With initial funding provided by the United States Department of Agriculture (USDA), the Foundation conducted a children’s vaccination initiative against hepatitis B in the Russian Federation from 2000 -2006. At the time the program t was the largest public health program for children in Russia since the collapse of the Soviet Union. Since 2006 this hepatitis B vaccination initiative has been financed and managed entirely by the Russian Ministry of Health and Social Welfare.
In 1999 the Russian Ministry of Health (MOH) began vaccinating newborns against hepatitis B but lacked funding to vaccinate adolescents and health care workers at risk of contracting the disease. In early 2000 the Russian health authorities turned to the Foundation for help in addressing this serious threat to public health. From its inception in 2000 as a regional program in central Russia, the Foundation vaccination initiative grew over the next six years to include 22 regions stretching from European Russia across Siberia to the Russian Far East. Other donors joined USDA in financing the effort, including the energy giant BP, the Norwegian Government, and the United Stated Agency for International Development (USAID).

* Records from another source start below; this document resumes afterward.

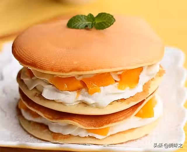 8、放幾粒芒果粒,再擠一層奶油,蓋上一片銅鑼燒,再重複來一層。
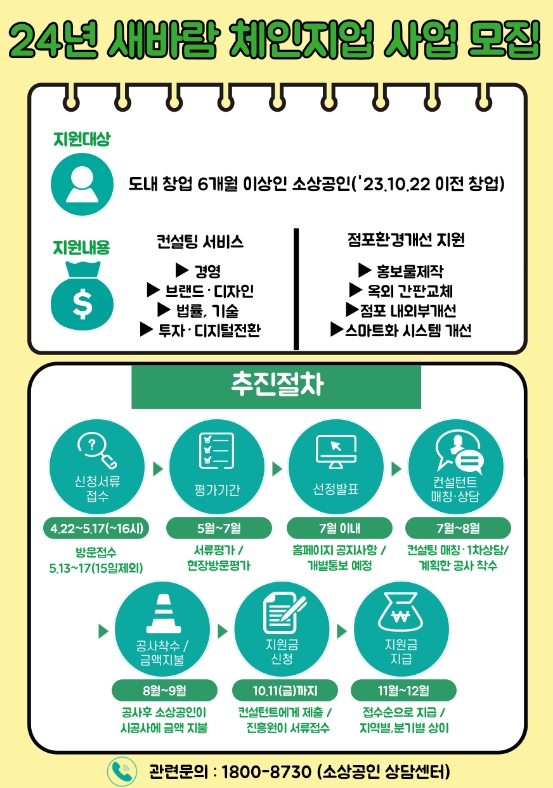 본 사업은 관내 창업 6개월 이상(사업자등록증 기준 2023년 10월 22일까지 창업한 자) 경영을 유지하고 있는 소상공인을 대상으로 전문 컨설팅, 점포 환경개선, 스마트화 시스템 개선, 홍보물 제작 등을 지원하며 지원 금액은 점포당 최대 1,400만원 이내, 총사업비의 70%를 지원한다.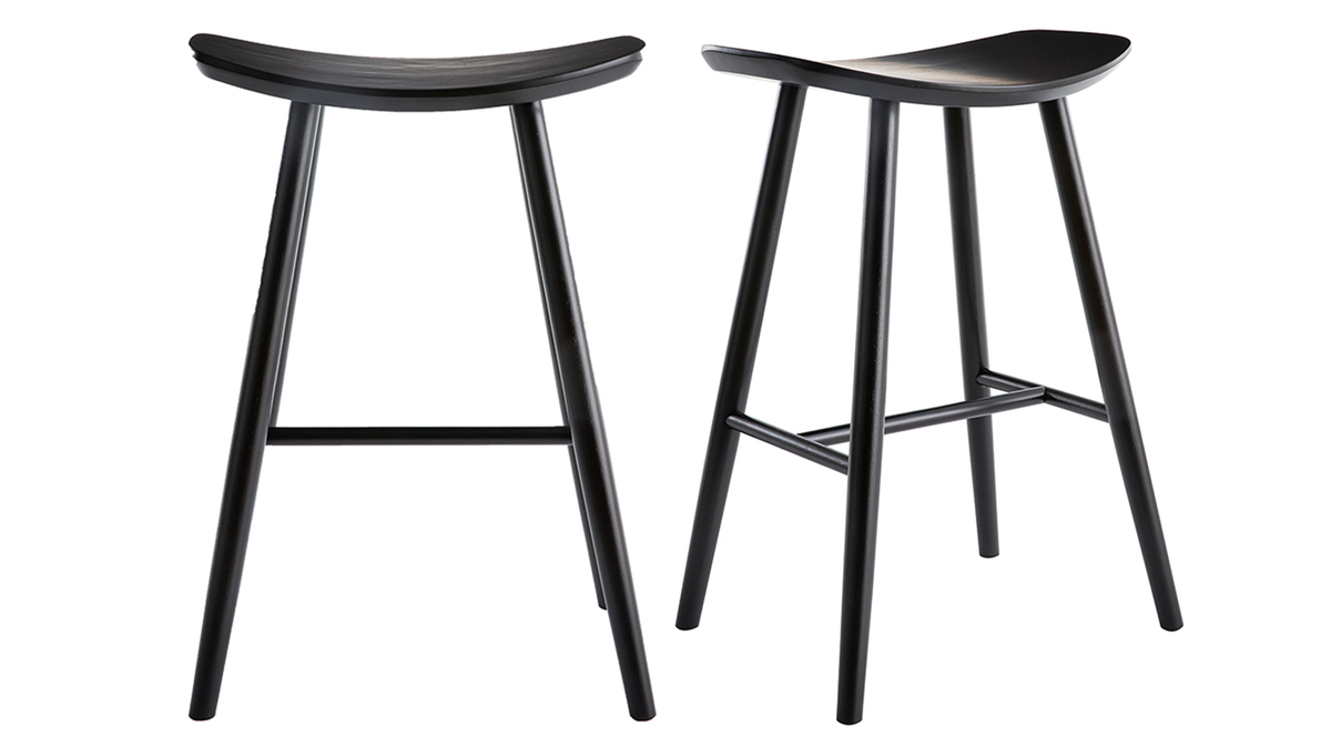 Composés de contreplaqué et d'hévéa massif, ces tabourets noirs apporteront une esprit vintage à votre intérieur. Leur design tout en rondeur offre un rendu unique et délicat, mettant parfaitement en valeur leur couleur sobre.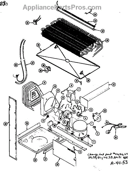 Plastic defrost pan. Evaporator pan hangs from side rails and rests on compressor.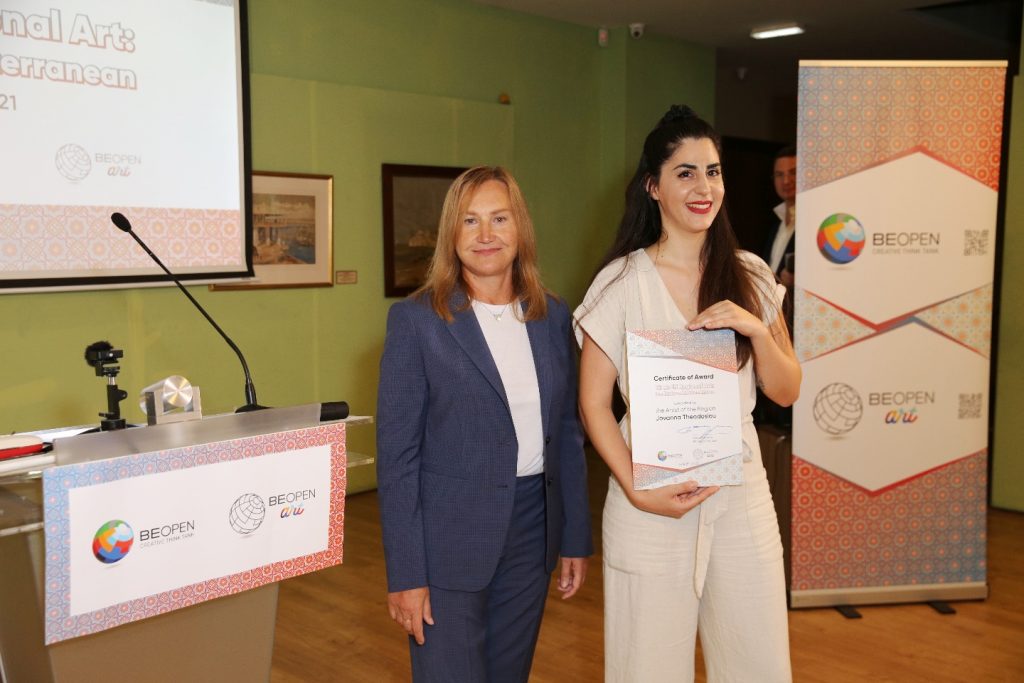BE OPEN Art held an awards ceremony a week into the exhibition, to celebrate the Artist of the Region Jovanna Theodosiou. The exhibition was attended by artists and their families, representatives of Cyprus’s Ministries of Education and Culture, Nicosia municipality, members of academic, artistic and business communities, guests of the island, etc.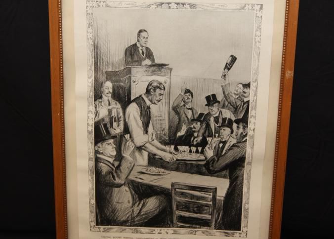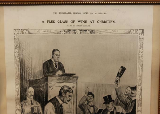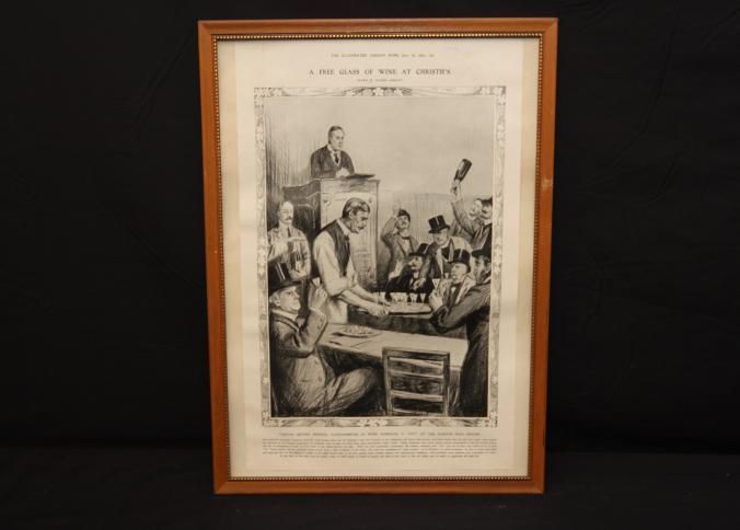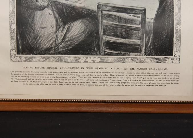 FR. 1910 ENGRAVED WINE AUCTION SCENE FROM ILL. LONDON NEWS. 10 1/2X15 1/2". "A FREE GLASS OF WINE AT CHRISTIE'S DRAWN BY ARTHUR GARRATT." AT THE TOP. UNDER ILLUSTRATION IS - "TASTING BEFORE BIDDING: CONNOISSEURS IN WINE SAMPLING A "LOT" AT THE FAMOUS SALE-ROOMS." THE DETAILED PARAGRAPH BELOW THE ILLUSTRATION DETAILS WHAT IS HAPPENING IN THE SCENE FROM ONE OF CHRISTIE'S WINE AUCTIONS. IN BRIEF, A BOTLE FROM EACH LOT IS OPENNED AND SAMPLED BY ALL SERIOUS BIDDERS, BIDDING COMMENCES IMMEDIATELY. NOTE THE PLATE OF BREAD ON THE TABLE USED FOR REMOVING THE TASTE OF THE PREVIOUS WINE FROM THE MOUTH IN PREPARATION FOR "PREVIEWING" THE NEXT LOT.Created By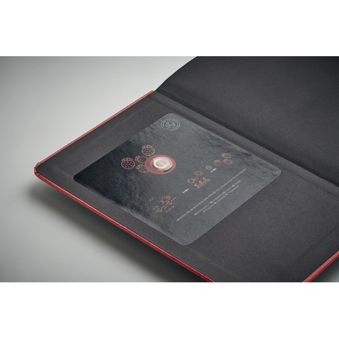 DIN A5 Notizbuch mit nachhaltigem Hard Cover. 92 Blatt (184 Seiten) liniertes recyceltes Papier. Lesebändchen aus Baumwolle. Inklusive unterschiedlichem Saatgut. Hergestellt in der EU. Dieses nachhaltige Notizbuch hat eine geringe Auswirkung auf die Umwelt und ist ein tolles Werbeprodukt. Je nach Coverfarbe liegt ein anderes Saatgut bei, das Sie in Ihrem Garten aussäen können. Der Farbcode gibt die Sorte des Samens an: Heidelbeere (04), Erdbeere (05), Gänseblümchen (13), Apfel (48) und Kiefer (60).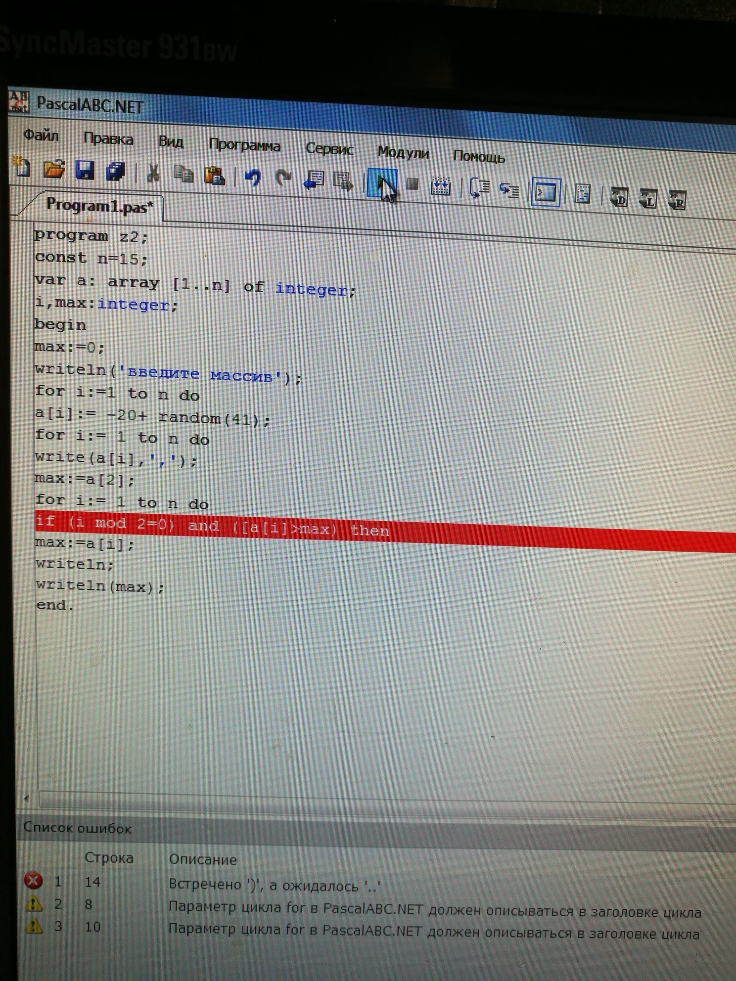 Перед a[i] "[" убери.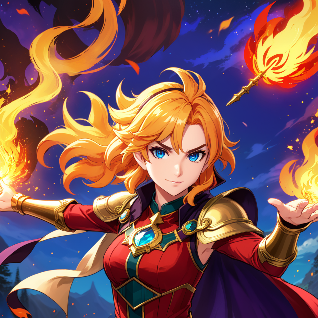 a woman in a red and gold outfit holding a flame

From the beginning the enduring strategic goal of the Foundation vaccination initiative was to reduce the number of unvaccinated children in each region to a level that could be managed and financed with local and national resources within three years. This required close collaboration between the Foundation and national and local health authorities. Each regional vaccination program was designed jointly by local epidemiologists and the Foundation staff with the aim of strengthening the existing health care infrastructure and avoiding the creation of parallel structures. Staff training and public awareness campaigns were undertaken. Locally manufactured refrigerators and thermal containers for the safe storage of vaccines were distributed to facilities with outdated equipment. Close monitoring of record keeping and timely vaccine distribution was carried out jointly by the Foundation and by local health officials. Wherever possible, adolescents were vaccinated in their schools, which typically results in average coverage rates in excess of 95%. As a point of comparison, Western immunization programs are considered successful if they achieve a coverage rate of 90%.
In May 2006 the Foundation completed its nationwide vaccination program in the Russian Federation against hepatitis B for adolescents, institutionalized orphans and at risk health workers. Over 1.8 million children and nearly 100,000 at-risk health care workers were vaccinated in an initiative that encompassed 22 regions from Kaliningrad bordering Poland in the farthest western corner of the country to Primorsky along the Pacific Ocean in the Russian Far East. Now the Russian Ministry of Health and Social Development is financing this important work with its own resources.
The announcement by the Russian MOH in 2006 that it would assume full financial responsibility for vaccinating all 13-year-olds throughout Russia against hepatitis B was a clear affirmation of the Foundation’s vaccination initiative as a model of a sustainable public health program.